Turning on a large eleqtrical machine, Corcey considered the matter closed.  Over a chorus of crunching and rending tones, he wiped his knife clean, then resheathed it in his boot.

He afforded himself a smile.  He’d have to tell Blade: she’d be proud of him.

As a matter of fact, Blade was feeling proud of someone at that moment, but it happened to be her Earthling protégé.  On the dance floor, a dweebish quimby had been going around goosing all the girls, and Penny had knocked him flat with one punch—without loosing the beat of the music.

Penny didn’t have the heart to tell Blade that it was actually an accident: arms flailing madly to the music, and bash!

Both were sweating profusely.  The music was fast paced with bizarre time and tempo changes.  It reminded Penny of Earthly House music, except half the instruments she couldn’t identify, and parts of it were extremely psychedelic.  The human body creates a natural high after jogging ten miles; perhaps something similar was happening to her from the madcap dancing.  Certainly would explain why the music was tripping her out.

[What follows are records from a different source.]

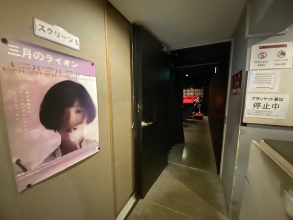 上映会場はアップリンク渋谷のスクリーン3だったが、スクリーン3の最前列は椅子席でなく地べたにそのまま座椅子を置いたようなスタイルだった。昔々、早稲田にあった「ACTミニシアター」というマイナー映画ばかり上映していた映画館を思い出す。雑魚寝スタイルで映画を見る変な映画館。毛布まで用意してあった気がするが(うろ覚え)、アップリンク渋谷スクリーン3は若干似たような雑魚寝スタイルでも流石にきれい。最前列はふかふかの背面でミニクッション付き、地べたに足を投げ出して見れるが清潔感がある。
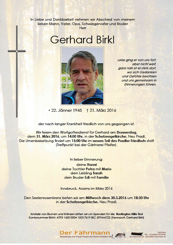 Kondolenzbuch für Birkl Gerhard
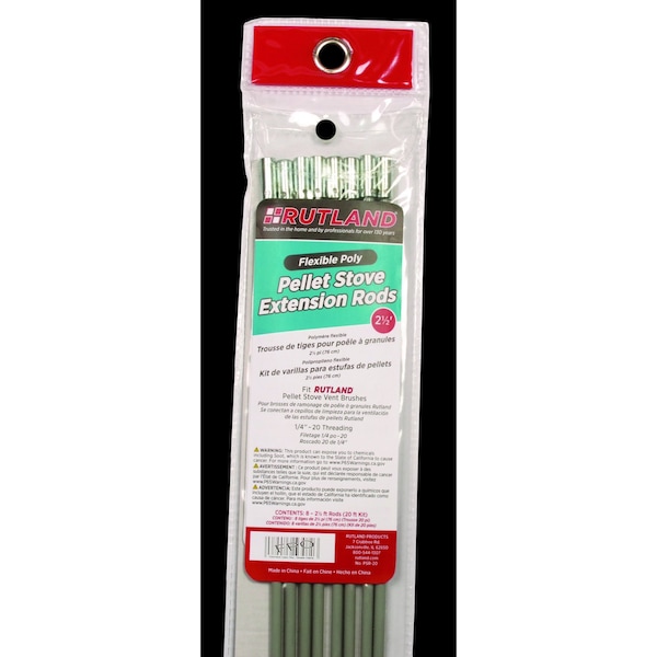 Poly rods designed to easily maneuver through 30 degrees and 45 degrees offsets, 0.250in diameter and 1/4-20 thread. Use with RUTLAND Chimney Sweep Pellet Stove Brushes.

Wondering if she should sit this one out, she saw Corcey standing idly off to the side with a purine smile that made her think of a cat sitting next to a bird cage that had an open door and a few loose feathers.

She decided to go over to talk to him anyway.

As she got close, she saw smeared blood on his left arm, hastily wiped and still matty.  She decided it prudent not to inquire.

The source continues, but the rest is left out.